Studium Theologicum Salesianum
Salesian Pontifical University : Faculty of Theology - Jerusalem Campus
 

“Shared Prayer of Christians and Muslims.
The Feast of The Annunciation - A National Holiday in Lebanon”
By Fr Hicham Chamali, Sj

 
 


22 March 2017 STS-Jerusalem
LUPI Andrea, sdb


On 22 of March 2017, the “Focus on Islam Lectures,” saw the students and faculty of the STS together exploring an experience of prayer between Christians and Muslims in Lebanon. The lecture was given by Fr. Hicham Chemali, SJ, who focused on the development of the Feast of the Annunciation, 25 March, into a National Holiday in Lebanon. Fr. Chemali is a Lebanese priest of the Society of Jesus, who earned a Licentiate in Sacred Theology (STL) at Boston College. He deepened his studies in Arabic Culture and Islam at the Institut de Lettres Orientales (USJ). He currently teaches at the Bethlehem University.

“Lebanon is more than a country.
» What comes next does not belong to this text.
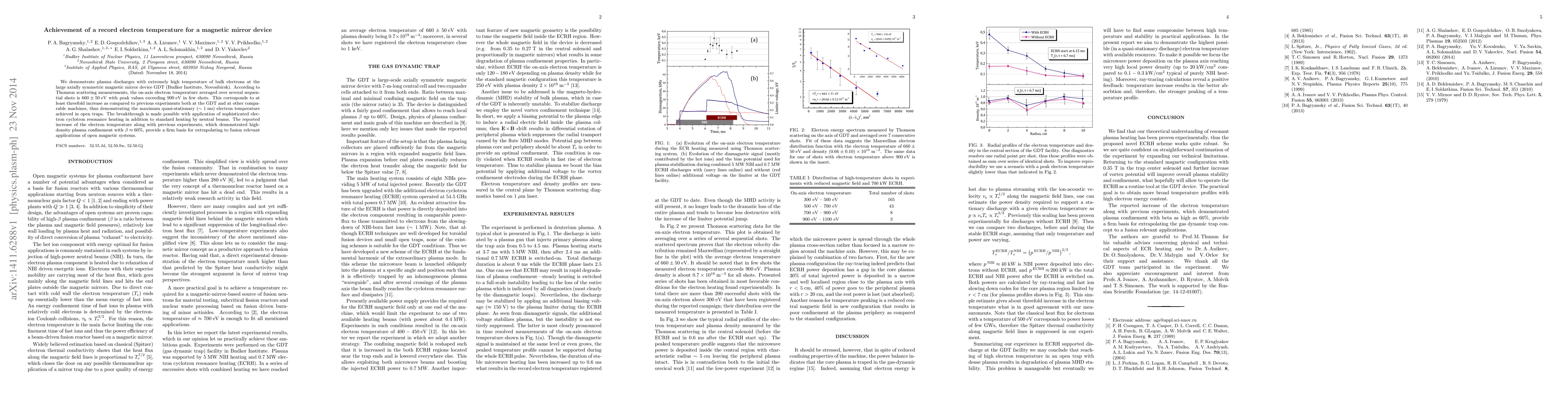 This paper reports record-high electron temperatures in the GDT magnetic mirror device, achieving an on-axis average temperature of 660 ± 50 eV, with peaks exceeding 900 eV, using advanced electron cyclotron resonance heating alongside neutral beam heating. This marks a threefold increase over previous experiments, laying a strong foundation for fusion applications.

It is a message of freedom and an example of pluralism for East and West,” said John Paul II during his apostolic visitation in 1980. Moved by this message, Sheikh Mohamad Nokkari, a Sunni Muslim who wanted to further national reconciliation and inter-communal friendship, together with Christian friends began working to organize a joint ceremony on the Feast day of the Annunciation. The Virgin Mary, indeed, is a point of reference for both Christians and Muslims.

The dream to see Christians and Muslims pray together took place despite the opposition of some religious authorities. From 2007, several committees were working to find an appropriate way to realize a National Feast that would be a sign of communion and respect among the two great Religions. On 18 February 2010, the Lebanese government made 25 March a national Christian-Muslim Day, something that has never occurred before in the history of Christian-Muslim relations. The decision was confirmed two days later during a meeting between Pope Benedict XVI and Prime Minister Hariri in the Apostolic Palace in the Vatican.

Awareness of the differences in the understanding of the role of Mary and the person of Jesus, Fr. Chemali was able to underline the experience of theological dialogue that this event offers. At the base of any real inter-religious dialogue there should be a shared stand for the Freedom of Religion. The lecturer, afterwards, pointed out several strategies for a fruitful dialogue with Muslims such as the understanding of Jesus as the Word of God and the attitude of respect for the differences without compromising the identities of the faithful.

After his lecture, Fr. Chemali took up some questions from the STS students, such as: the concept of obedience in Islam, the actual situation of the feast and its fruit in the present time, the other religious presences in Lebanon, and iconography in Islam. Finally, the Master of Ceremonies, Gnana Pragash, acknowledged the crucial role of inter-religious experiences like this one to form an attitude of dialogue and gave a word of thanks to Fr. Chemali for his interesting discourse.